Вскоре с группой офицеров прибыл и сам комдив. Невысокого роста, плотный, Чурмаев быстрым шагом подошел к нам. Приняв доклад от Орехова, крепко пожал нам руки. Затем своим густым баском коротко сказал:

— Начнем, товарищи. Орехов, докладывайте...

Василий Романович развернул рабочую карту и, сняв с руки компас, сориентировал ее с местностью, взглянул еще раз в сторону противника и начал докладывать: [16]
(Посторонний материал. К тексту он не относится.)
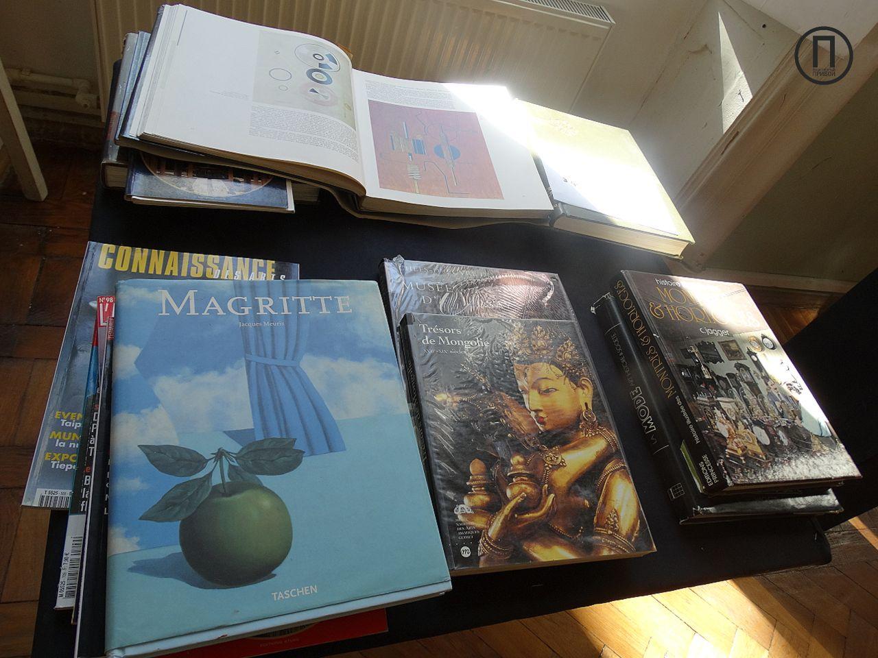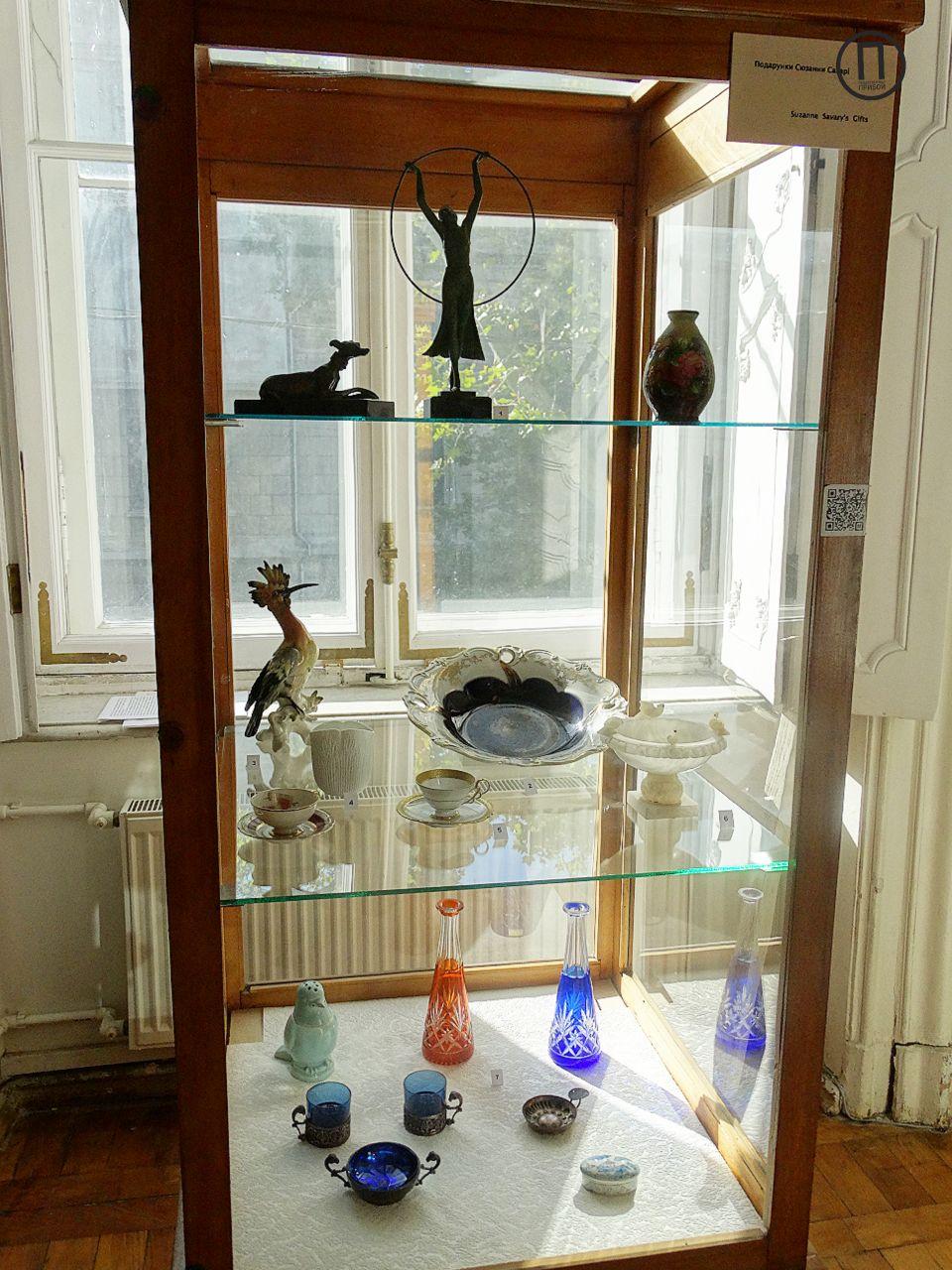 На выставке представлены картины Сюзанны Савари, предметы декора, а также французские журналы по искусству, подаренные художницей.

— Мы находимся на юго-западных скатах безымянной высоты в шестистах метрах к востоку от Грушинского. Передний край обороны противника проходит в одном километре к югу от нас, вдоль проселочной дороги, идущей из Вислое на Редин...

Далее Орехов сообщил о том, что в полосе наступления полка по переднему краю и в ближайшей глубине обороны врага обнаружены 13 огневых точек, три из которых размещены в железобетонных сооружениях. Кроме того, выявлены две батареи минометов и батарея противотанковых орудий. Он уточнил также и расположение опорного пункта противника, показал, где предположительно находятся его батальонные и полковые резервы.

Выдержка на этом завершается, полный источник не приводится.